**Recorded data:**
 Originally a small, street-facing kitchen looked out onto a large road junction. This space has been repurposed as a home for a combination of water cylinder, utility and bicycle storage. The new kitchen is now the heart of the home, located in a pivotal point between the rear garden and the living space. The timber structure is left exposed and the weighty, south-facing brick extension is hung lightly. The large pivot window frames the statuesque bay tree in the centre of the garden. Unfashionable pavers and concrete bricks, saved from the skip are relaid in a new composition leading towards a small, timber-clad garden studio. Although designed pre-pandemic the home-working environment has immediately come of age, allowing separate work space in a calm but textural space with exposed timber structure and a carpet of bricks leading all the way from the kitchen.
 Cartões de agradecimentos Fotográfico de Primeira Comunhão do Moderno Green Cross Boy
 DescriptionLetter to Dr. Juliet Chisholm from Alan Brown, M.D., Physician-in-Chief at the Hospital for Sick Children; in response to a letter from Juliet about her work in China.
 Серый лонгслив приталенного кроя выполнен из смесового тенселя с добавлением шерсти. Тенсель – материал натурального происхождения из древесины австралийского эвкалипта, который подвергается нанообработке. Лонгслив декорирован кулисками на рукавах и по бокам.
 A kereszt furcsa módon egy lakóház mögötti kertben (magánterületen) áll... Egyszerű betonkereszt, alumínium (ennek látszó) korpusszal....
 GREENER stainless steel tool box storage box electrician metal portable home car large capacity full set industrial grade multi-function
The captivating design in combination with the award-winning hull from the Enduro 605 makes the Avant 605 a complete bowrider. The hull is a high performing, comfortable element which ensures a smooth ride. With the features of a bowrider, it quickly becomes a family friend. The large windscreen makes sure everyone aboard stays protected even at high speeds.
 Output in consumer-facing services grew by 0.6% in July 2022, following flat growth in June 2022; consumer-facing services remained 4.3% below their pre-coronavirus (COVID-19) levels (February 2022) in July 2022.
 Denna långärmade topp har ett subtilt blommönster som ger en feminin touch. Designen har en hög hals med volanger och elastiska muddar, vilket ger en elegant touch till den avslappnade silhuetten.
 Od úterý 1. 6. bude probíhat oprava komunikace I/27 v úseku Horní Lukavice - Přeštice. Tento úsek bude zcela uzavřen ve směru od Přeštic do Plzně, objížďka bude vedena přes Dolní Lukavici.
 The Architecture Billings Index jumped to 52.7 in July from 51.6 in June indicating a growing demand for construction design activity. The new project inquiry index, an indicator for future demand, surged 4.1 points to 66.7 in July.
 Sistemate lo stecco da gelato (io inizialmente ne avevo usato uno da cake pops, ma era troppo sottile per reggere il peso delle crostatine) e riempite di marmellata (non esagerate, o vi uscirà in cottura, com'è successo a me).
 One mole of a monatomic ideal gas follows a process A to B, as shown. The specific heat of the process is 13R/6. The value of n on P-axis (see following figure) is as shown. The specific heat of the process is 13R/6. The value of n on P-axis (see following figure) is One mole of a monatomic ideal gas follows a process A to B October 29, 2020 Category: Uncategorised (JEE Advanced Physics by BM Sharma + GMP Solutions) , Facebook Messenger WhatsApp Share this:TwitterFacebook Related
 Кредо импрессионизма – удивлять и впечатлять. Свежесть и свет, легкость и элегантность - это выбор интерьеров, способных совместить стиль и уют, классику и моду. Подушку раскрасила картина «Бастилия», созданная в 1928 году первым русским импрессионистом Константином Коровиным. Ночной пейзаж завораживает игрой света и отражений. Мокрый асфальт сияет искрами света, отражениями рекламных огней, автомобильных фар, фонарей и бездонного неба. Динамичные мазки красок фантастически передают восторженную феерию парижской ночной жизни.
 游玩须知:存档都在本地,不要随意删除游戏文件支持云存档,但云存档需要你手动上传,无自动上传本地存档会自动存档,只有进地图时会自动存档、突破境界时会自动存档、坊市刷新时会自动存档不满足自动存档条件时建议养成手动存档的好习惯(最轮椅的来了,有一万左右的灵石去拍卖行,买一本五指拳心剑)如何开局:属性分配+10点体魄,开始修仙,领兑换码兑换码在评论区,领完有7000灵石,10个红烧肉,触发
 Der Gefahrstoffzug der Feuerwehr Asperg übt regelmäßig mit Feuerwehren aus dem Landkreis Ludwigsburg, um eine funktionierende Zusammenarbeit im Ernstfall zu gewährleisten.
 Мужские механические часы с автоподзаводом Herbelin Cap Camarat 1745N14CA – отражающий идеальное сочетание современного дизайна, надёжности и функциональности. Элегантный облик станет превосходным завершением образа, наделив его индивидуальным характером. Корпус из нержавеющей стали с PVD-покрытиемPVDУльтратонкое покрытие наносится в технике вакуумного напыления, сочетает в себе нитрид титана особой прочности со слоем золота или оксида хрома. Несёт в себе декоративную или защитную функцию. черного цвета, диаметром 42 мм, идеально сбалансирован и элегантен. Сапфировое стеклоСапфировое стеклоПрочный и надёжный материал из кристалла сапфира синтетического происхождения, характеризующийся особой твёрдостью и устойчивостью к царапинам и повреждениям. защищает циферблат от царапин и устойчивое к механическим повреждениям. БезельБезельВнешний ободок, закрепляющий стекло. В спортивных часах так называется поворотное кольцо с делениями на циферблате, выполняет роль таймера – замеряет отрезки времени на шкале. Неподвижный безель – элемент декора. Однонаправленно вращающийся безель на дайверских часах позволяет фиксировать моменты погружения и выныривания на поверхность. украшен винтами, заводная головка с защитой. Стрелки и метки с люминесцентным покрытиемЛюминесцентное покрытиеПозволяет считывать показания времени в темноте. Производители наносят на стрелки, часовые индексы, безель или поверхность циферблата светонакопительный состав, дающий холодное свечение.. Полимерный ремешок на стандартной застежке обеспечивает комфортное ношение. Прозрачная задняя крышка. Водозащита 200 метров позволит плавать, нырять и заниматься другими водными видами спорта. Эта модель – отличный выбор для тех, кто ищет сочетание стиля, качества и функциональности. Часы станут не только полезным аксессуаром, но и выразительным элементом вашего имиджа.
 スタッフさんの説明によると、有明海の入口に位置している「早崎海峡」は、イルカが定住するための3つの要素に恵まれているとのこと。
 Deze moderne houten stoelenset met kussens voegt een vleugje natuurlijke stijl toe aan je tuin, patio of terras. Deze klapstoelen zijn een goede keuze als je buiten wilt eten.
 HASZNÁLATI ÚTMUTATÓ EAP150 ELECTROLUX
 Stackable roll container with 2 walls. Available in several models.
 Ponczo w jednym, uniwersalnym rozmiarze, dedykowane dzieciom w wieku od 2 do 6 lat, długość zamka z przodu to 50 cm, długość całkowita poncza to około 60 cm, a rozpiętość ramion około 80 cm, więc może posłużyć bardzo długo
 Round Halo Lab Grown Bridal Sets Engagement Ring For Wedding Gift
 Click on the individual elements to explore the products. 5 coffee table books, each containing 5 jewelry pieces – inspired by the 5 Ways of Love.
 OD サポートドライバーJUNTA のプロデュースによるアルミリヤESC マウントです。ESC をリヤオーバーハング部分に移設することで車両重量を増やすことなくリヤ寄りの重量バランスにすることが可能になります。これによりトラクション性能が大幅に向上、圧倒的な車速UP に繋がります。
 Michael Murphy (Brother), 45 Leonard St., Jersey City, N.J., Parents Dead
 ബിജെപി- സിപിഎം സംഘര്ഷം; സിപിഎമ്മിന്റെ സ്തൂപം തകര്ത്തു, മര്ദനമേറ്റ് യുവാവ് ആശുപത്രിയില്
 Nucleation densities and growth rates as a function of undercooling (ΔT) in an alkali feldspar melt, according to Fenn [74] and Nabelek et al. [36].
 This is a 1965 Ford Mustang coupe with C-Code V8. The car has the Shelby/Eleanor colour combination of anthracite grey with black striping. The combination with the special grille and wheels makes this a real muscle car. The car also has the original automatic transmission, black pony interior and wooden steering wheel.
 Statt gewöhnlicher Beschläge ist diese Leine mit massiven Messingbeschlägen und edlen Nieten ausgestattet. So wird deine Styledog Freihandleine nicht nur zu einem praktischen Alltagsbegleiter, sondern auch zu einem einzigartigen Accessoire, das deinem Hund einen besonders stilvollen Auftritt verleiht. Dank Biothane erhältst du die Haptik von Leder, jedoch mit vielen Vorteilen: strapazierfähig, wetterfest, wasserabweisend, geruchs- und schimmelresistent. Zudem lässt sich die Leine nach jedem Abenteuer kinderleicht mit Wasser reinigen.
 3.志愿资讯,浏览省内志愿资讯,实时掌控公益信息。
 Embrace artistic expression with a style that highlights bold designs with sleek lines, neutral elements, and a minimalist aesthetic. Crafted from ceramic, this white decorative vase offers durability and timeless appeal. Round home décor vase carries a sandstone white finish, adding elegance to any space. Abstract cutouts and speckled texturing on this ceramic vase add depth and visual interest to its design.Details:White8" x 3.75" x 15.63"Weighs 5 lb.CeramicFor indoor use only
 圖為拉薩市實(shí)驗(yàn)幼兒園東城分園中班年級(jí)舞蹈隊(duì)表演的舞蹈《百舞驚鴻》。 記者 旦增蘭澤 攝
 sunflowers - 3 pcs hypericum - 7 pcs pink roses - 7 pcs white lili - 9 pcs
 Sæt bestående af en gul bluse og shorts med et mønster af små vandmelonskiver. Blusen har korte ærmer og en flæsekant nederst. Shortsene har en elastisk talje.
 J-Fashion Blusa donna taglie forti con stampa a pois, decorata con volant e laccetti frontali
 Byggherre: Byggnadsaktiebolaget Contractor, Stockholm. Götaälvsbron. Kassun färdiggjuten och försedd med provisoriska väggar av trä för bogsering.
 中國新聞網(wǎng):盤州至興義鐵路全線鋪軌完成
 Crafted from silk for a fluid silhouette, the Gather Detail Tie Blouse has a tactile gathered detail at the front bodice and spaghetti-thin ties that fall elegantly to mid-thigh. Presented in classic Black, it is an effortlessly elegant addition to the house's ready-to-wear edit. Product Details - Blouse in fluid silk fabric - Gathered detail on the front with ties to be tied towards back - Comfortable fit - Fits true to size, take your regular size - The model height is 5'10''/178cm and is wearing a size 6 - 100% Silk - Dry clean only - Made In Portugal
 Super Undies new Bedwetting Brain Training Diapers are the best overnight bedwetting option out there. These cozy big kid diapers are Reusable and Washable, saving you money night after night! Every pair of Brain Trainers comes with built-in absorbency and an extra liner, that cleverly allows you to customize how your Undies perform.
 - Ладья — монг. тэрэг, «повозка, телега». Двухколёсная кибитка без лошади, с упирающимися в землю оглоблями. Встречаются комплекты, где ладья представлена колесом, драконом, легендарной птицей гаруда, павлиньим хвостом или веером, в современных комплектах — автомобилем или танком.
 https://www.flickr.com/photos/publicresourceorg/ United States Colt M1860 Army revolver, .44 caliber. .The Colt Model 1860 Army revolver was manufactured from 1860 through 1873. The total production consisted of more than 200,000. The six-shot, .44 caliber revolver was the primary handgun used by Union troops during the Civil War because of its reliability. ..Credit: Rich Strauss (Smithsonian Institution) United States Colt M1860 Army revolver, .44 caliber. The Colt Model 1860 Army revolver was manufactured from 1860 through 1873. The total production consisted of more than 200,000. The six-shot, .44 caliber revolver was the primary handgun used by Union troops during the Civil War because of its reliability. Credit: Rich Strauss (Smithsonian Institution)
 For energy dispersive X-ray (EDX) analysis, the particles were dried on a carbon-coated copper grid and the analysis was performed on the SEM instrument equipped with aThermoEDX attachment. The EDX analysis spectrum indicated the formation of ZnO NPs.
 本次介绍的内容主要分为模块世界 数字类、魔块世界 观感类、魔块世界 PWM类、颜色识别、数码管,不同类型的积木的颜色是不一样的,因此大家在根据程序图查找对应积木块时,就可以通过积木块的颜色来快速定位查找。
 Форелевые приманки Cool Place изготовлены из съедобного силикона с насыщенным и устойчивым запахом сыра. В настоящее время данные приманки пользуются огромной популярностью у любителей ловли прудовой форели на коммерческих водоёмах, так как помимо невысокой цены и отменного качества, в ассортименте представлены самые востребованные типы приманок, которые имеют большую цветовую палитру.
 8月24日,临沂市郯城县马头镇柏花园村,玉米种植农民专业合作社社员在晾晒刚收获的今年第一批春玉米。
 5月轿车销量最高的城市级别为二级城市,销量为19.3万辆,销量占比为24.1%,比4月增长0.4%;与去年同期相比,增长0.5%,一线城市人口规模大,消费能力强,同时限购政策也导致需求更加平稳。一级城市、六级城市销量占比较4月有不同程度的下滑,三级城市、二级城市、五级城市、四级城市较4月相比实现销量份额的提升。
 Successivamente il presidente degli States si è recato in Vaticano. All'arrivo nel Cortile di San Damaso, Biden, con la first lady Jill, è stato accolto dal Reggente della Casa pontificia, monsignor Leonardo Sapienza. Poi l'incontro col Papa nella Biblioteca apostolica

**TASK REQUIREMENTS:**
The reply should consist solely of the lines above from the one that has "Кредо импрессионизма –" through the one that has "Der Gefahrstoffzug der", reproduced exactly.

**WRITTEN RESPONSE:**
 Кредо импрессионизма – удивлять и впечатлять. Свежесть и свет, легкость и элегантность - это выбор интерьеров, способных совместить стиль и уют, классику и моду. Подушку раскрасила картина «Бастилия», созданная в 1928 году первым русским импрессионистом Константином Коровиным. Ночной пейзаж завораживает игрой света и отражений. Мокрый асфальт сияет искрами света, отражениями рекламных огней, автомобильных фар, фонарей и бездонного неба. Динамичные мазки красок фантастически передают восторженную феерию парижской ночной жизни.
 游玩须知:存档都在本地,不要随意删除游戏文件支持云存档,但云存档需要你手动上传,无自动上传本地存档会自动存档,只有进地图时会自动存档、突破境界时会自动存档、坊市刷新时会自动存档不满足自动存档条件时建议养成手动存档的好习惯(最轮椅的来了,有一万左右的灵石去拍卖行,买一本五指拳心剑)如何开局:属性分配+10点体魄,开始修仙,领兑换码兑换码在评论区,领完有7000灵石,10个红烧肉,触发
 Der Gefahrstoffzug der Feuerwehr Asperg übt regelmäßig mit Feuerwehren aus dem Landkreis Ludwigsburg, um eine funktionierende Zusammenarbeit im Ernstfall zu gewährleisten.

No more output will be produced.